Try it :: Copy out the lines beginning with the one that contains "Ansichtskarte MS Prinz" and ending with the last line below, exactly as they stand. Pictures are not copied.

Material to process ::
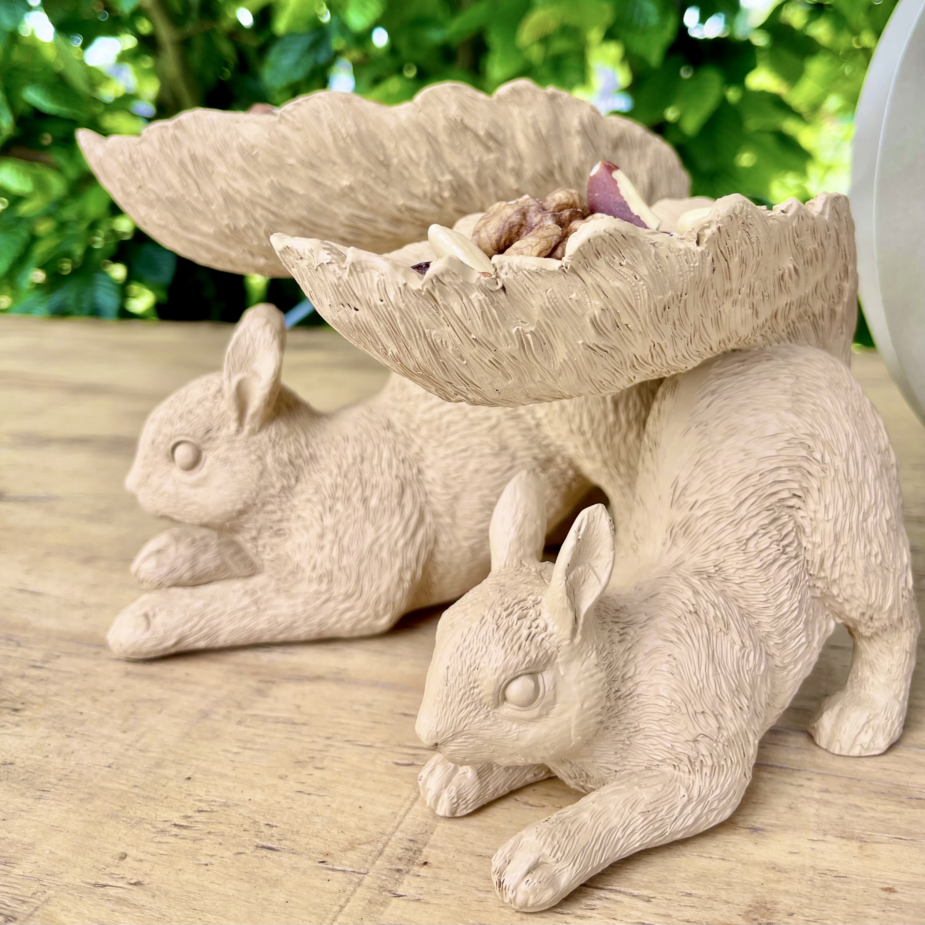 Eichhörnchen aus Polyresin mit Schale für Nüsse, Eicheln oder Kastanien.
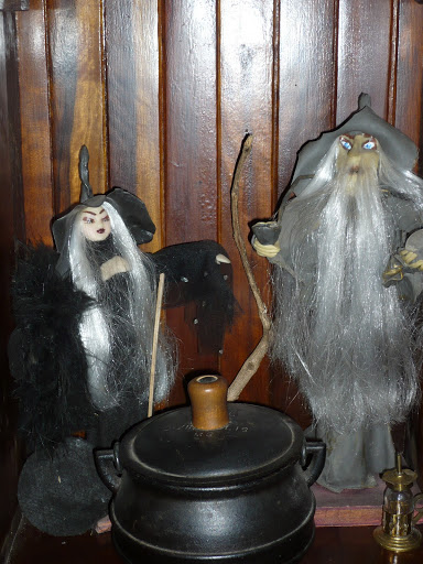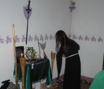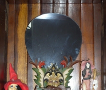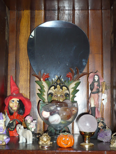 Na frente, um grande espelho. Ao lado, um altar que tem a presença dos quatro elementos. O cálice representa o feminino e a água também. A pena simboliza o elemento ar. O sal, a terra. O átame, que é o punhal, significa o masculino. A vela, o fogo. A varinha é o elemento ar que serve para emanar energia, e logo abaixo um caldeirão – chamado também de útero da ‘Grande Deusa’.
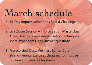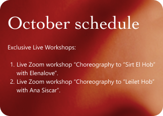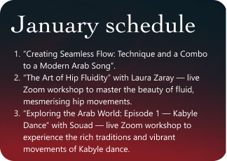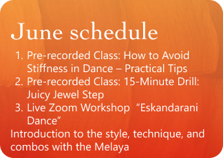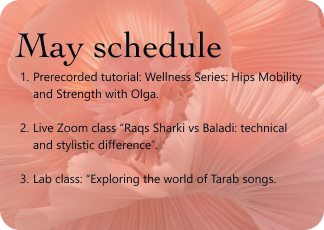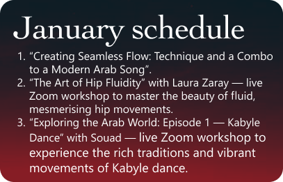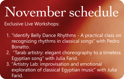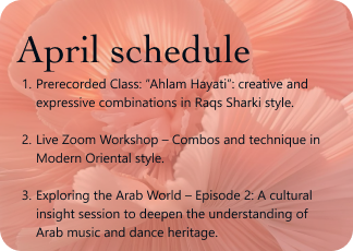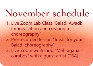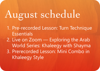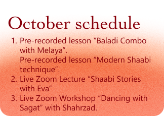– Pre-recorded lesson “Baladi Combo with Melaya”.
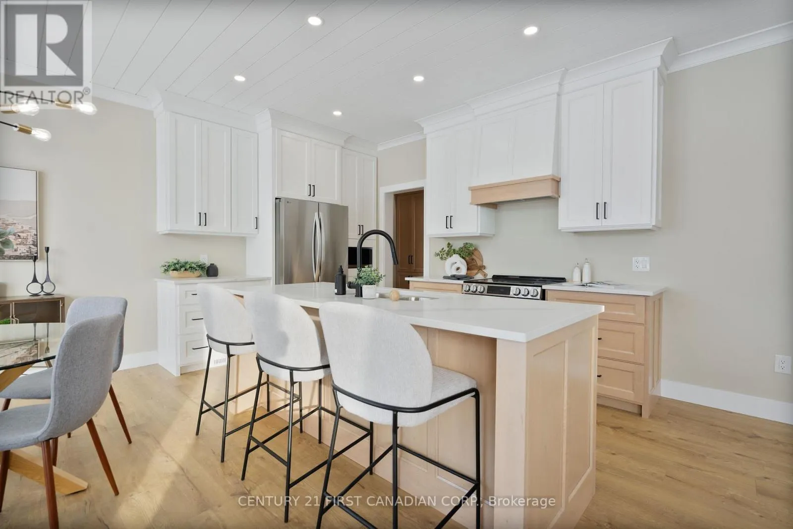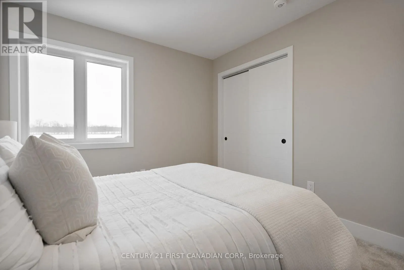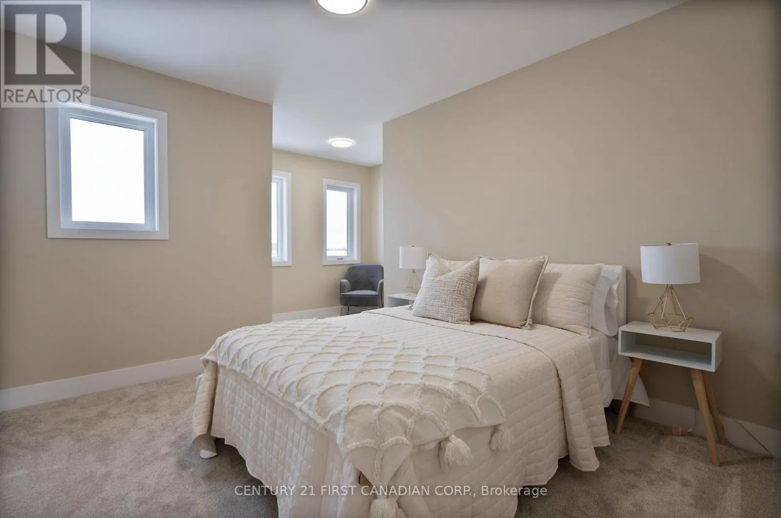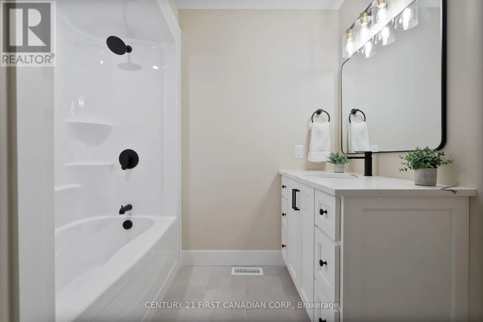 Cross Streets: Atkinson St. ** Directions: Heading north on Queen St, turn right onto Atkinson St, turn right onto Sheldabren St, the property is on the right. MOVE IN READY. This striking 1944 sqft new-build two-storey home in Ailsa Craig offers a perfect blend of modern design and small-town charm. The home features a sleek exterior accented with a mix of stone and modern siding, large black-framed windows, and a welcoming front porch. Inside, the main floor is open-concept and flooded with natural light, anchored by a cozy living area complete with a modern gas fireplace set into a floor-to-ceiling stone surround perfect for relaxing evenings. The kitchen boasts quartz countertops, minimalist cabinetry, a central island, and stainless-steel appliances, flowing seamlessly into the dining area with views of the backyard. Upstairs, you will find three well-sized bedrooms, including a spacious primary bedroom with a walk-in closet and an ensuite bathroom featuring a glass walk-in shower and dual vanities. The two additional bedrooms are ideal for family, guests, or a home office setup, and they share a bright, well-appointed full bathroom. The unfinished basement offers a blank canvas for future expansion whether you are envisioning a home gym, recreation room, or extra bedrooms, the space is ready to be transformed. Located in the peaceful community of Ailsa Craig, this home combines modern comfort with a quiet, family-friendly atmosphere. Some rooms are virtually staged, as noted on the photo comments. Taxes and Assessed value yet to be determined. (id:27476)
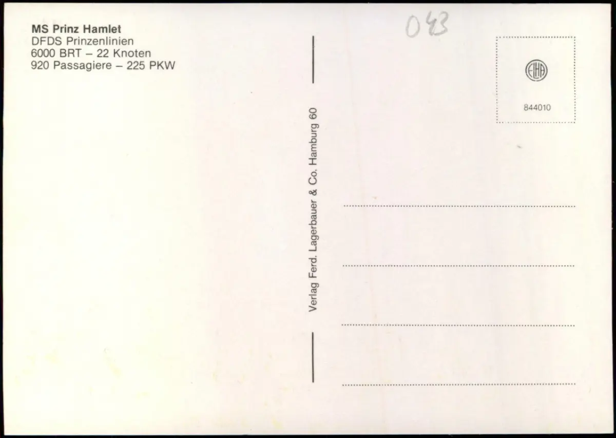 Ansichtskarte MS Prinz Hamlet DFDS Prinzenlinien im Hafen Hamburg 1980
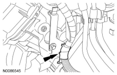 18. Connect the transmission wiring harness retainer to the intake manifold vacuum tube support bracket.
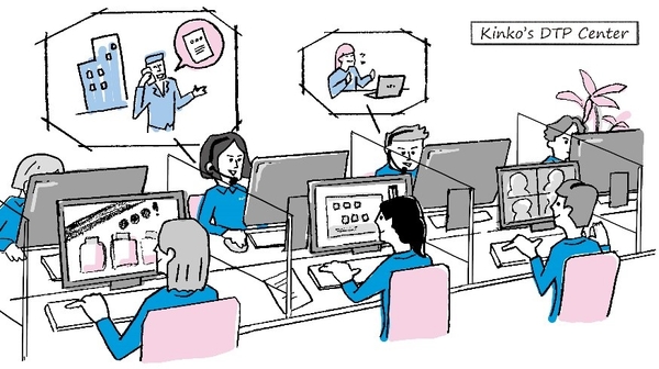 キンコーズの店舗では、紙面の割り付けなど印刷用データをPCで作成するDTPオペレーターが常駐*2し、顧客の入稿サポートを行っています。この度開設した「DTPセンター」は、社内認定を受けた専門性の高いDTPオペレーターを専任スタッフとして配置し、より高度な対応や処理能力によって各店舗を支援するだけでなく、オンライン受付の印刷にも対応します。この入稿サポートを通じて、顧客のプリントマネジメントを最適化することをオンラインでつながり実現します。

Written solution ::
 Ansichtskarte MS Prinz Hamlet DFDS Prinzenlinien im Hafen Hamburg 1980
 18. Connect the transmission wiring harness retainer to the intake manifold vacuum tube support bracket.
 キンコーズの店舗では、紙面の割り付けなど印刷用データをPCで作成するDTPオペレーターが常駐*2し、顧客の入稿サポートを行っています。この度開設した「DTPセンター」は、社内認定を受けた専門性の高いDTPオペレーターを専任スタッフとして配置し、より高度な対応や処理能力によって各店舗を支援するだけでなく、オンライン受付の印刷にも対応します。この入稿サポートを通じて、顧客のプリントマネジメントを最適化することをオンラインでつながり実現します。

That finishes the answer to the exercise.